[Collected data]
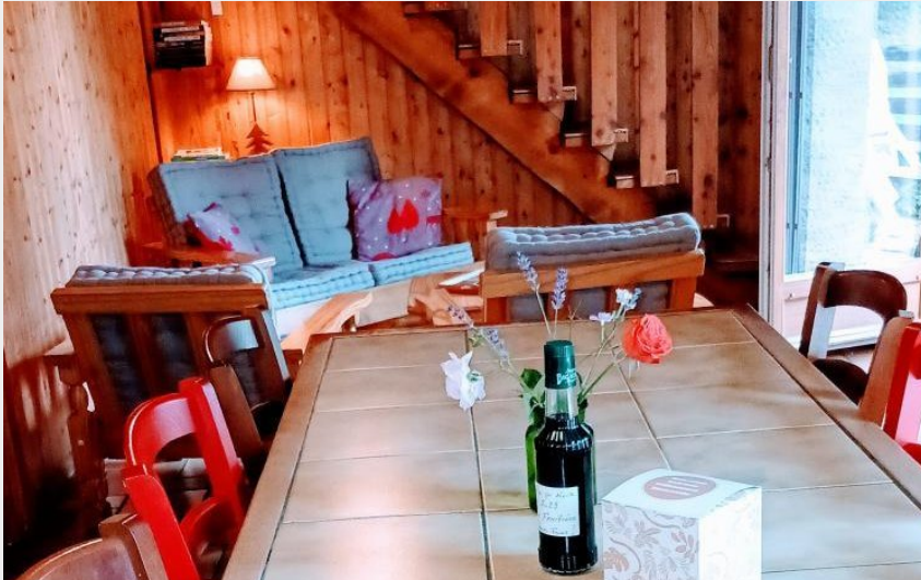
Crédit : La Fruitière - Gîte 6 personnes_Gresse-en-Vercors (Gîtes de France Isère)
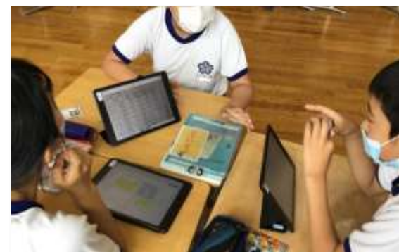
学校へのタブレット端末の導入
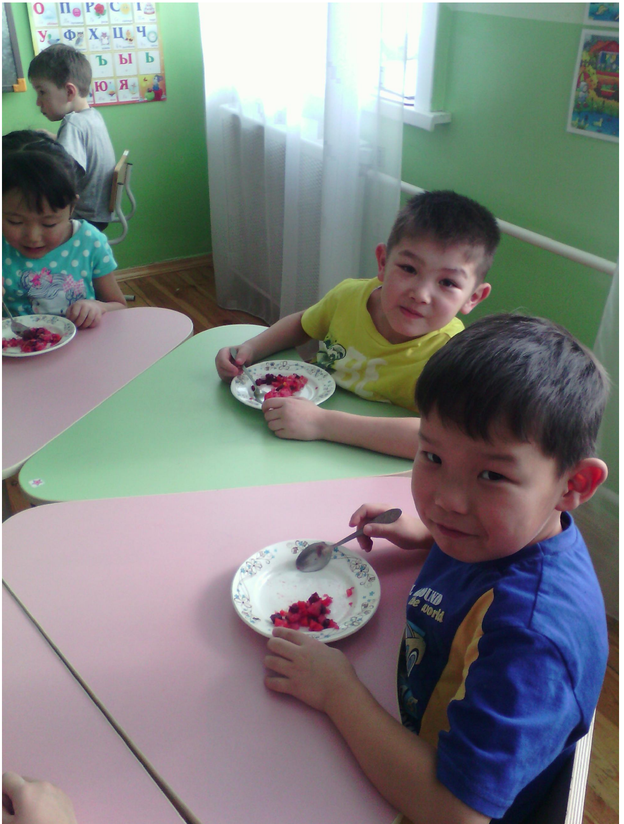
Сами приготовили и сами съедем! Да еще и угостили. Вас угостим заходите к нам на чай!
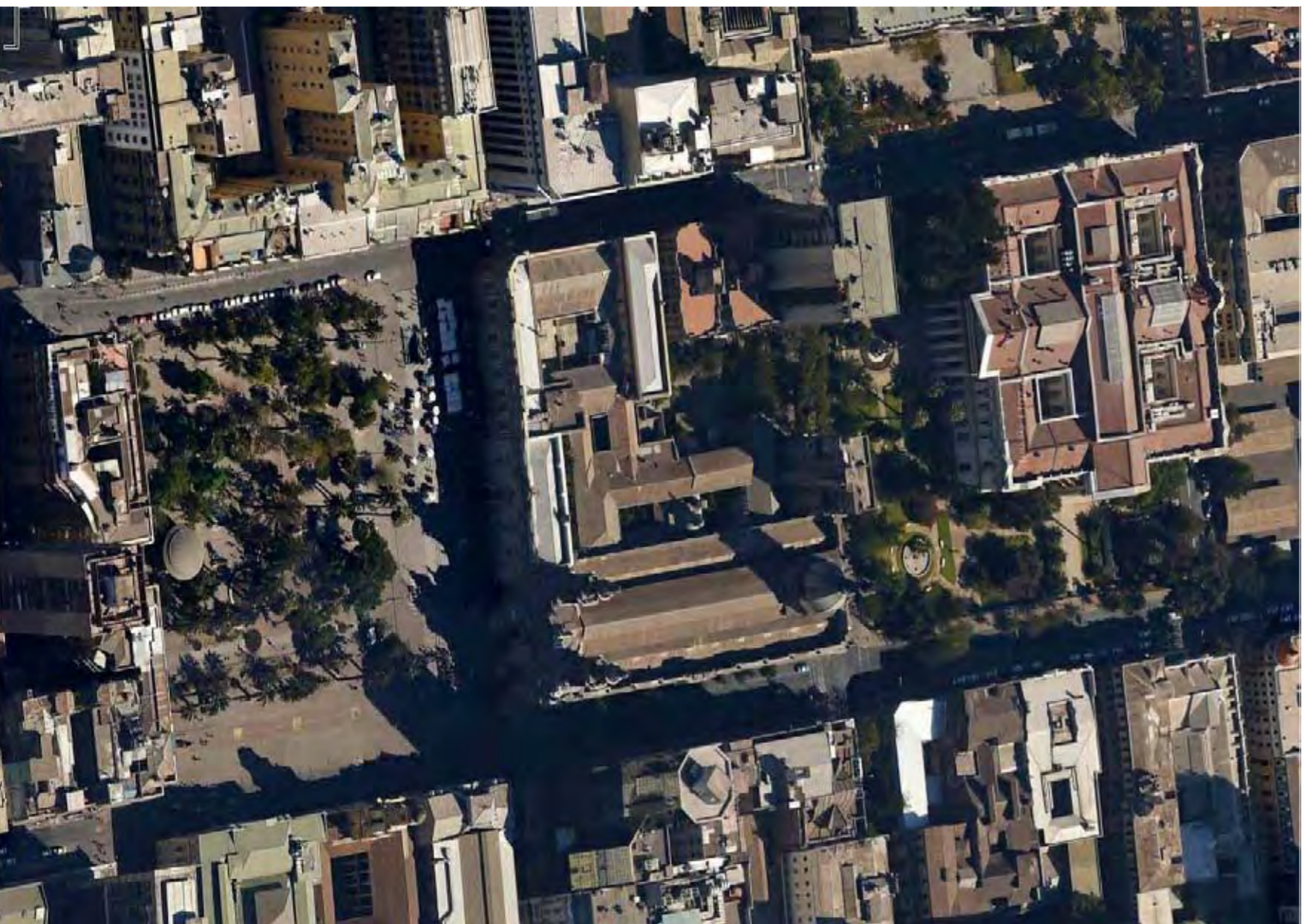
Visita des de Est. de la Plaza de Armas, la mansana on s'ubica el projecte i el Congrés.

Tot està batallat i amb portes per tancar-ho al públic. En aquesta menxa també hi tenim la calçada de Santiago amb els seus arbres i la façana i entrada principals estan a la Plaza de Armas. Són per veure una entrada entre ella i el palau que el porta a l'interior a través de alguns dels seus passadís connectats amb el parc a l'interior de la ciutat i el carrer. El projecte de recuperació del Hotel City ocuparà la parcel·la dequest i intervingrà també en el parc i el passadís privat.
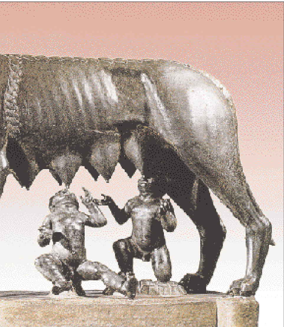
▲ Χάλκινο ρωμαϊκό γλυπτό σύμπλεγμα της Λύκαινας να θηλάζει τους δίδυμους Ρώμο και Ρωμέλο, μυθικούς ιδρυτές της Ρώμης. Ρώμη, Μουσείο Καπιτωλίου.
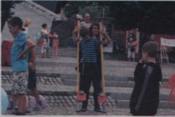
Chętni mogli spróbować swoich sił w chodzeniu na szcudłach.
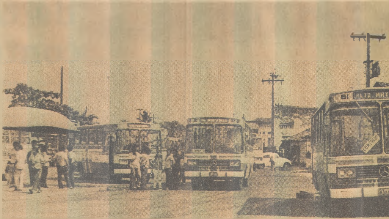
Os pessoenses passam a pagar amanhã 7 cruzeiros por uma passagem nos coletivos

Afirmou ainda que "contudo é bom frisar, se antes decorridos cinco anos da data de lançamento dos referidos créditos, for restabelecida alíquota diferente de zero, em produto objeto da atividade industrial, os créditos remanescentes poderão ser deduzidos na saída do novo produto tributado, já que tais créditos constituem dívidas passivas da União nos termos do Decreto nº 20.910, de 06 de janeiro de 1932, podendo, assim, ser reclamados."
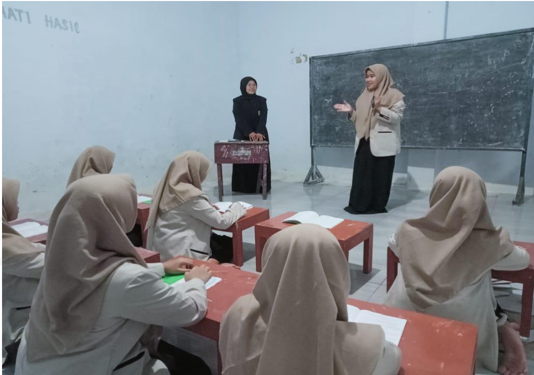
جمبر، ١ فبراير ٢٠٢٣ (٠٧:٠٠) ملاحظة عن تعليم مهارة الكلام بطريقة تقديم القصة في فصل السابع بالمدرسة الطغصلاح المتوسطة الإسلامية جنجاوة.
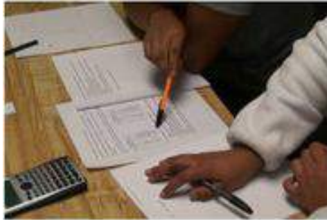
Figura 2. Identificación del movimiento.

(1:02:17) Entrevistador: ¿A qué tipo de movimiento corresponden estos datos?
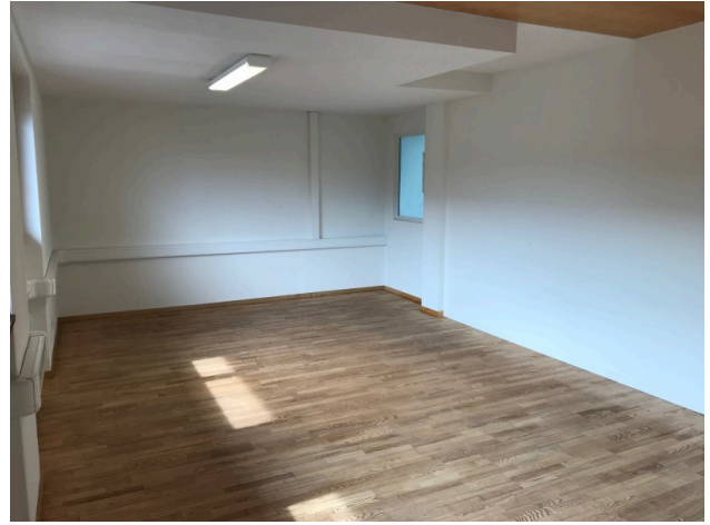
Büro / Sitzungszimmer
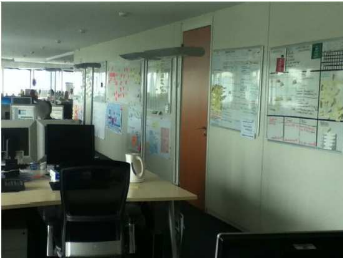
Figure 1: Whiteboards all over the open space

The seemingly exaggerated attitude of some consultants allowed this new colleague to mock the ideal consultant. He also humorously compared the whiteboard to a 'totem', which interestingly signifies – albeit ironically – a sacred object or emblem that represents the new group of internal consultants. As Butler (1999) points out, parodic behaviours denaturalize the promoted identity, break the boundary between the natural and the artificial, and stress performativity. The variations of perceived affordances entail various performances, preventing the social identity from being totally taken for granted and homogeneously internalized.
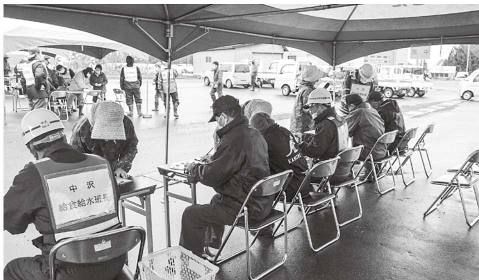
中沢、長科、阿弥陀川地区の住民が今回避難したライスセンター前の敷地。訓練に参加した住民は、名前、移動手段、移動時間ほか、アンケートの記入をした。
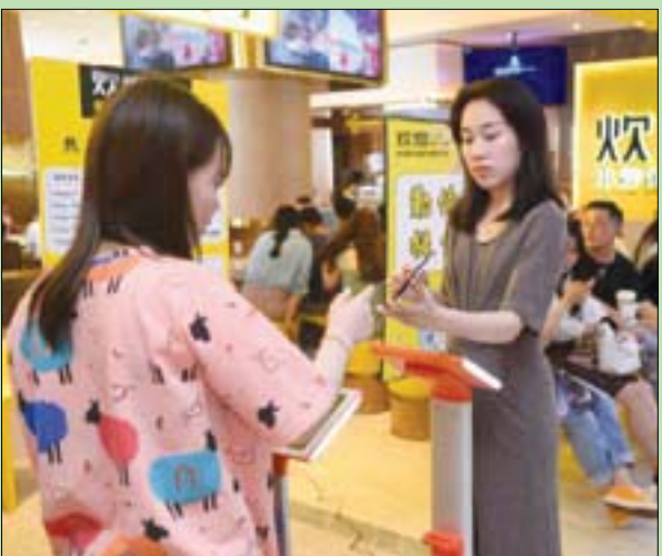
امرأة ترن نفسها قبل دخول المطعم لتناول الطعام

ولا تعد سلسلة مطاعم «تشوييان فرايد بيف» الوحيدة التي تفرض القواعد الأكثر صرامة بشأن استهلاك المواد الغذائية لديها. ففي الأسبوع الماضي، دعت جمعية خدمات المطاعم في مدينة ووهان المركزية رواد المطاعم إلى طلب الأطباق من طراز «إن وان»، أو أطباقاً بأعداد أقل من عدد الأشخاص الذين يتناولون الطعام داخل المطعم في المرة الواحدة. ولقد حذرت تطبيقات الهواتف الذكية المعنية بإظهار التوجهات الأكثر شعبية بالنسبة للأشخاص الذين يتناولون كميات كبيرة من الطعام من احتمال حظر منتجات المحتويات المرئية التي تروج لممارسات تناول الطعام بصورة مفرطة.
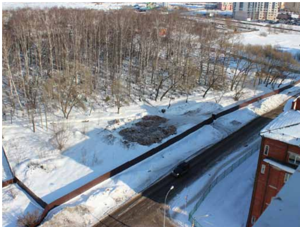
... а так - в реальной жизни

Реакция администрации, к изумлению обратившихся жителей, оказалась довольно оперативной. Не дожидаясь окончания официальных сроков, отведенных законом на составление ответа, чиновники выехали на место и вместе с жителями осмотрели территорию кладбища. Однако ответить на их вопросы так и не смогли, пообещав разобраться с происходящим в ближайшее время. Пока же жителям остается надеяться, что за это время у них под окнами не появится еще несколько молчаливых соседей.

DIRECTIONS FOR THIS TASK:
When you reach the line with "Os pessoenses passam" in the records above, start writing out lines exactly, and stop once the line with "Afirmou ainda que" has been written; include nothing else.

OUTPUT OF THE TASK:
Os pessoenses passam a pagar amanhã 7 cruzeiros por uma passagem nos coletivos

Afirmou ainda que "contudo é bom frisar, se antes decorridos cinco anos da data de lançamento dos referidos créditos, for restabelecida alíquota diferente de zero, em produto objeto da atividade industrial, os créditos remanescentes poderão ser deduzidos na saída do novo produto tributado, já que tais créditos constituem dívidas passivas da União nos termos do Decreto nº 20.910, de 06 de janeiro de 1932, podendo, assim, ser reclamados."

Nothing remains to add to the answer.